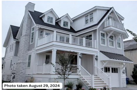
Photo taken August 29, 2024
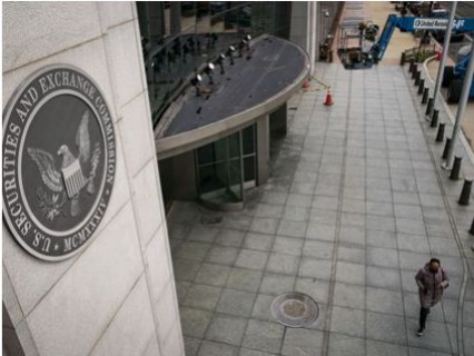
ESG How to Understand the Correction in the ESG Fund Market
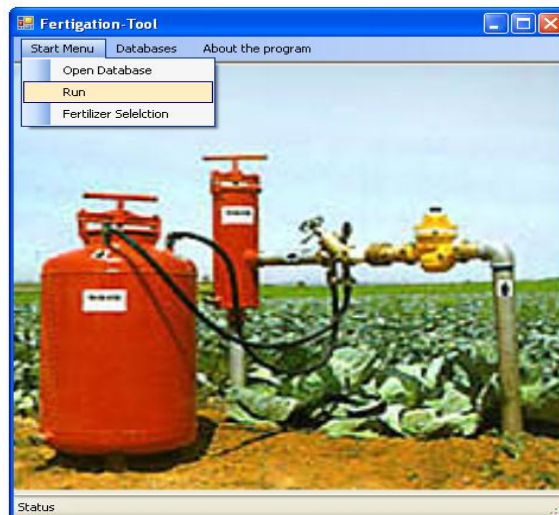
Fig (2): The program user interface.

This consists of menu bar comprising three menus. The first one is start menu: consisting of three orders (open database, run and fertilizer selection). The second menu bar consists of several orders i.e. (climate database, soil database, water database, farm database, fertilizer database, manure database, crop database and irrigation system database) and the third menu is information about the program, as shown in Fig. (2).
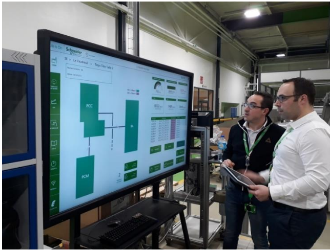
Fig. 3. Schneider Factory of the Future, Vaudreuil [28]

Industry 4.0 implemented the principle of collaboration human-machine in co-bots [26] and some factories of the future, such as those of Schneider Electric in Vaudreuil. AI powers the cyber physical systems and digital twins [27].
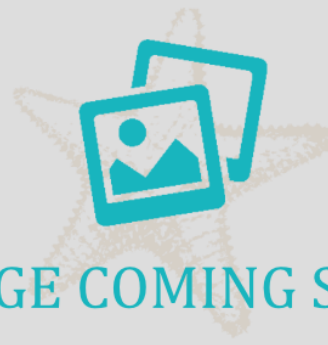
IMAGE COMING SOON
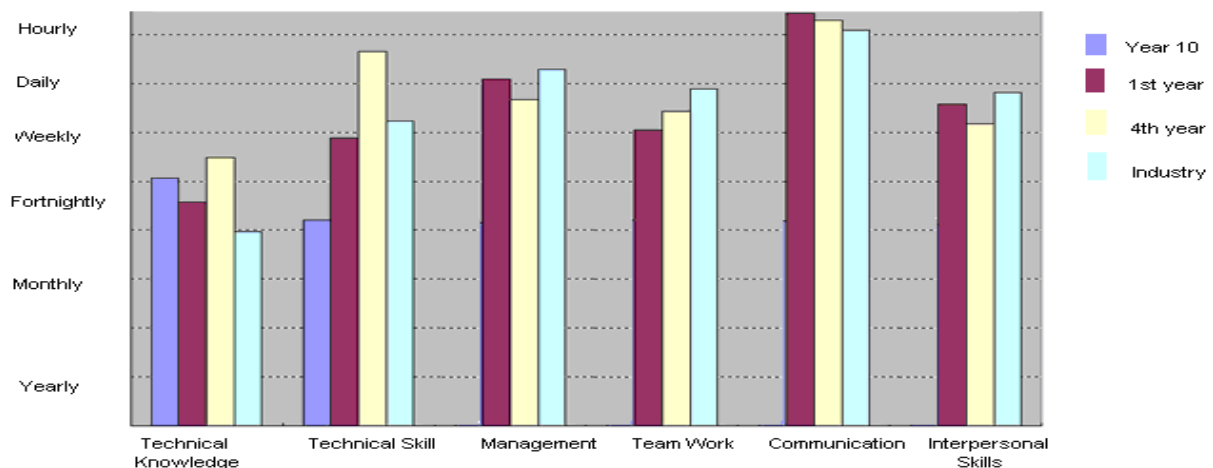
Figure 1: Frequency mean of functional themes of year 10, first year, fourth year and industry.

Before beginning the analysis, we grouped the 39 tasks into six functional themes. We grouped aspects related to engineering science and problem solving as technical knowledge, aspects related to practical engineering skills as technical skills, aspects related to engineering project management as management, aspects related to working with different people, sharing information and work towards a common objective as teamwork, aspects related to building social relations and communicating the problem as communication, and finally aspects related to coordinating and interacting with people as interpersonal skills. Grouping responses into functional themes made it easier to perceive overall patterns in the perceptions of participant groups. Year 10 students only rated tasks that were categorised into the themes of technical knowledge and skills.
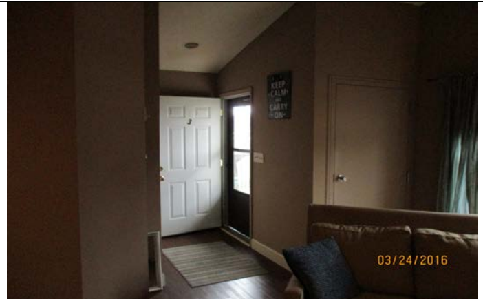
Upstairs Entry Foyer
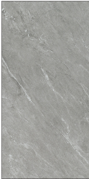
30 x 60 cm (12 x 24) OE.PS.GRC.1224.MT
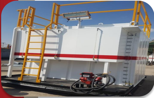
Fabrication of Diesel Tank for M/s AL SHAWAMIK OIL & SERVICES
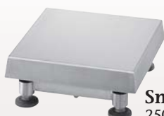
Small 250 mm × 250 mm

▬▬▬▬▬▬▬▬▬▬

▶ _WORK TO BE COMPLETED_: Leave out the pictures, and write out all the remaining data above exactly.

▶ _COMPLETED EXERCISE_:
Photo taken August 29, 2024
ESG How to Understand the Correction in the ESG Fund Market
Fig (2): The program user interface.

This consists of menu bar comprising three menus. The first one is start menu: consisting of three orders (open database, run and fertilizer selection). The second menu bar consists of several orders i.e. (climate database, soil database, water database, farm database, fertilizer database, manure database, crop database and irrigation system database) and the third menu is information about the program, as shown in Fig. (2).
Fig. 3. Schneider Factory of the Future, Vaudreuil [28]

Industry 4.0 implemented the principle of collaboration human-machine in co-bots [26] and some factories of the future, such as those of Schneider Electric in Vaudreuil. AI powers the cyber physical systems and digital twins [27].
IMAGE COMING SOON
Figure 1: Frequency mean of functional themes of year 10, first year, fourth year and industry.

Before beginning the analysis, we grouped the 39 tasks into six functional themes. We grouped aspects related to engineering science and problem solving as technical knowledge, aspects related to practical engineering skills as technical skills, aspects related to engineering project management as management, aspects related to working with different people, sharing information and work towards a common objective as teamwork, aspects related to building social relations and communicating the problem as communication, and finally aspects related to coordinating and interacting with people as interpersonal skills. Grouping responses into functional themes made it easier to perceive overall patterns in the perceptions of participant groups. Year 10 students only rated tasks that were categorised into the themes of technical knowledge and skills.
Upstairs Entry Foyer
30 x 60 cm (12 x 24) OE.PS.GRC.1224.MT
Fabrication of Diesel Tank for M/s AL SHAWAMIK OIL & SERVICES
Small 250 mm × 250 mm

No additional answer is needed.